Picture a pool that's slowly losing water - not from a visible leak or a dramatic rupture, but seeping steadily through a hairline crack somewhere in the foundation. The water level drops a fraction of an inch every day. The pool still looks fine, people are still swimming, and your metrics say everything is normal. And then one morning, without any single event you can point to, the water is too shallow to dive in.
That's what AI coding agents are doing to your team's system knowledge right now. Engineers aren't losing their skills or becoming less capable overnight. They're shipping more than ever. But every time a coding agent writes a solution that an engineer accepts without fully reconstructing the reasoning, a small amount of system understanding fails to form. Every time a PR merges because tests passed and the AI flagged it as low risk - without anyone articulating why the approach was chosen over alternatives - a small piece of design rationale goes uncaptured. Multiply that across multiple teams, across months, and you get an organization that is objectively shipping faster while quietly losing its collective ability to understand, extend, and confidently change what it's building.
There's a term for this phenomenon - cognitive debt, or cognitive drain.
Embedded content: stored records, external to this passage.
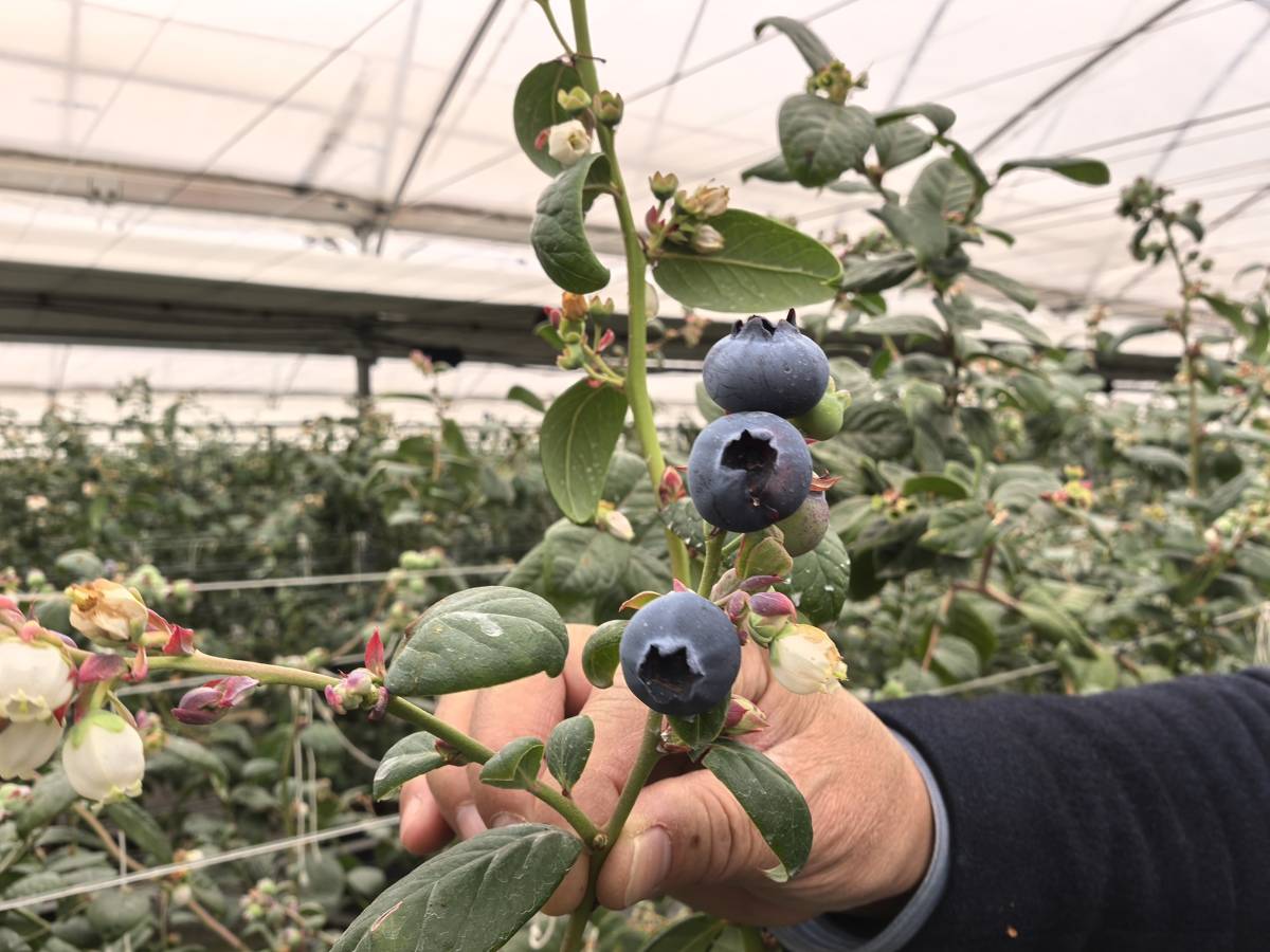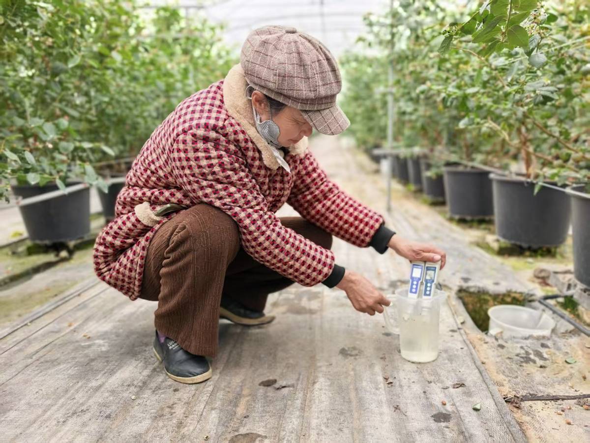 品种好,还要种植好。基地采用全基质加避雨栽培,亩均投入超10万元,总投资1.2亿元。蓝莓种在花盆里,基质从荷兰与上海定制而来;水肥通过以色列一体化系统精准滴灌。技术员崔喜娥每天手持检测笔,巡回测量排液的EC值和pH值,“根据检测结果配餐,每一顿都不能马虎”。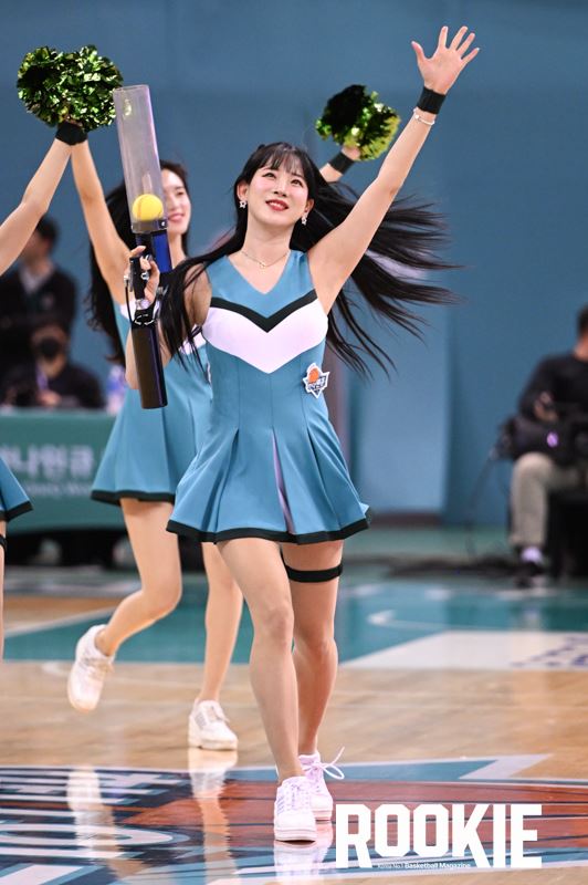 부천실내체육관에서 ‘신한은행 SOL 2022~2023 여자프로농구’ 부천 하나원큐와 아산 우리은행의 경기가 열렸다. 김한나 치어리더가 하나원큐를 응원하고 있다.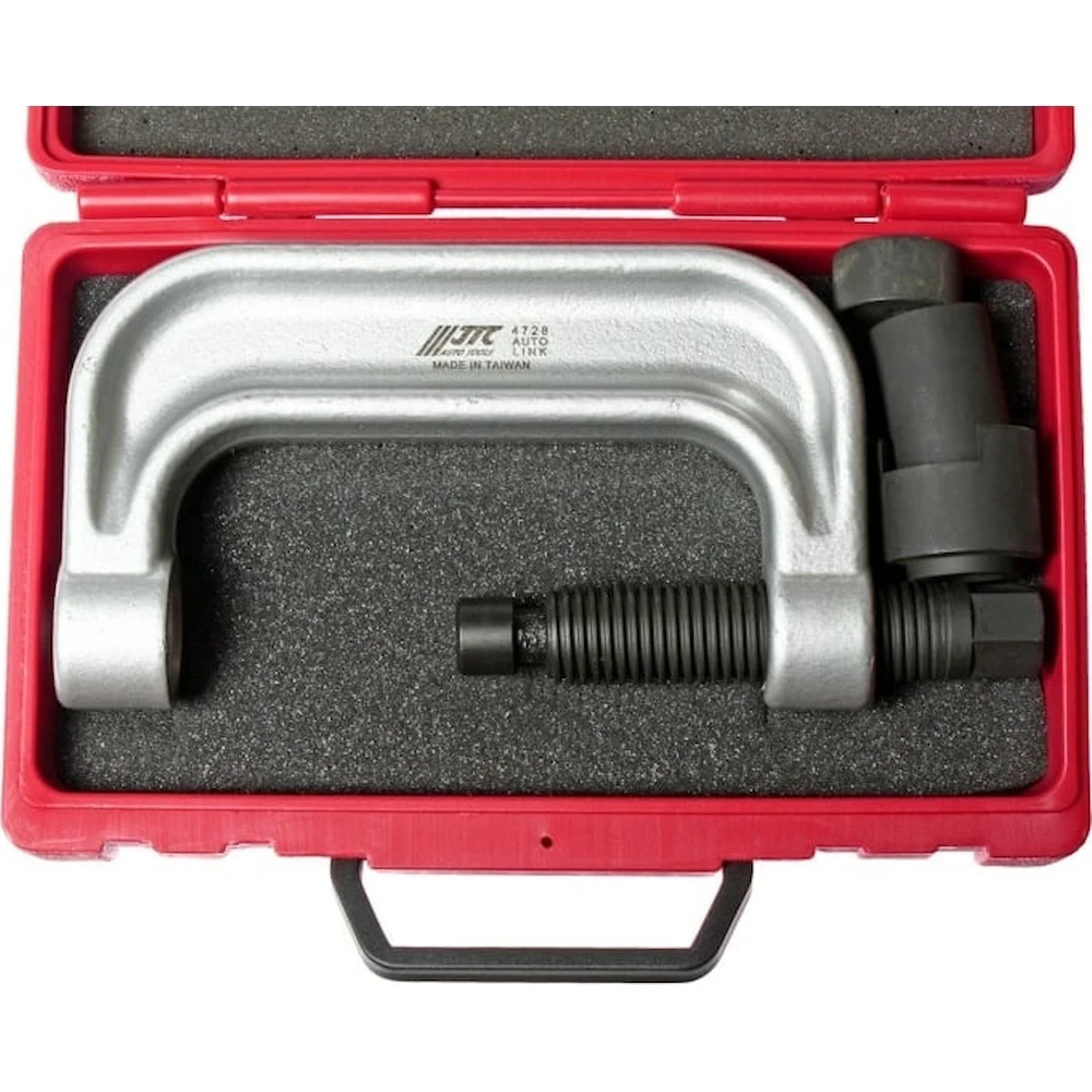 Приспособление для снятия и установки шаровых опор нижнего рычага MERCEDES W220,211 JTC 4728 обладает эргономичной конструкцией, позволяющей проводить работы по замене требуемых элементов непосредственно в автомобиле. Данная модель изготовлена из металла, который характеризуется высокой прочностью и устойчивостью к различным механическим воздействиям - это является залогом его продолжительной и надежной эксплуатации.

Like reaching for a memory and finding nothing there, most engineering leaders won't notice the loss until the water is already too low.
The Old Risk Had a Face
Even before the prevalence of AI in software development, institutional or tribal knowledge lived in the heads of engineers. It's the type of knowledge that can't be downloaded: the accumulation of experiences building an organization's systems, solving problems, and making mistakes. It's also a well-known risk - one that leaders have been working to mitigate for years, under the label 'bus factor' (or 'win the lottery factor', as I like to reframe it).
I experienced the acute version of this firsthand. When a principal engineer on my team announced he was leaving, the panic was immediate and unanimous. Everyone understood what was walking out the door with him. The question "what does this code do?" wasn't the concern - AI could help us with that. What we feared losing was the deeper tacit knowledge built over years in the trenches: why the service boundary between two components was drawn where it was, which integration assumptions had quietly become load-bearing, and what had been tried before the current architecture and why it failed. We scrambled to organize knowledge transfer sessions and record brain dumps. It helped, but it was reactive and fragile, triggered by a departure date and dependent on asking the right questions before the wrong moment.
The traditional 'bus factor' risk is real, but it has one property that makes it navigable: it is visible. There is a face attached to it, a calendar event, and a clear moment of loss that you can point to and organize a response around.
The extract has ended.